Excluding Zach Trotman, who will likely begin the season on long-term injured reserve due to a sports hernia, the Penguins currently have nine defensemen with the NHL’s deadline to submit a season-opening roster looming on Tuesday.
Most teams keep seven on the NHL roster while several will hang onto eight. Nine is rare.
The biggest focus of speculation as to the Penguins’ blue line is veteran Jack Johnson and his salary cap hit of $3.25 million. The much-maligned Johnson has been the subject of trade speculation dating back to June after a difficult 2018-19 campaign.
Johnson, 32, has four years remaining on his contract and has been frequently used in a “fourth” defensive pairing with Chad Ruhwedel during the late stages of training camp.
It remains to be seen where he will open the season.
Regardless of however many defensemen the Penguins open the season with, you can expect prospect John Marino to be one of them. General manager Jim Rutherford certainly does.

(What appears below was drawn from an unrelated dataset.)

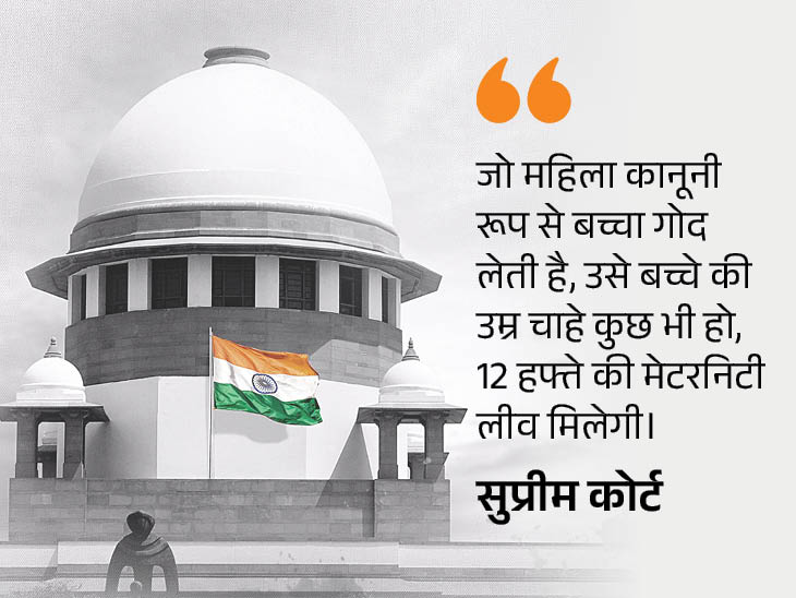 सुप्रीम कोर्ट ने मंगलवार को कहा कि अब किसी भी उम्र के बच्चे को गोद लेने वाली महिला को 12 हफ्ते की छुट्टी मिलेगी। सिर्फ 3 महीने से कम उम्र के बच्चे को गोद लेने पर ही छुट्टी देना गलत है।

“We’re very impressed with him,” Rutherford said. “That’s why we traded for him. He had an extremely good camp. We’re going to want him to start the year here. We may have to do a little maneuvering cap-wise here in the next few days, but my expectation is he’ll start the season in Pittsburgh.”
The Penguins acquired Marino’s signing rights in an offseason trade with the Edmonton Oilers and signed him to a two-year entry-level contract after he opted to leave Harvard following his junior season. A sixth-round pick in 2015, Marino appeared in five NHL games this preseason and recorded two assists.
The notion of potentially making the NHL roster out of training camp is understandably profound to Marino.
“It’s unbelievable,” Marino said earlier this month. “Putting a jersey on every game is something really special. You don’t take it for granted. You want to just go out there and play every shift as hard as you can.”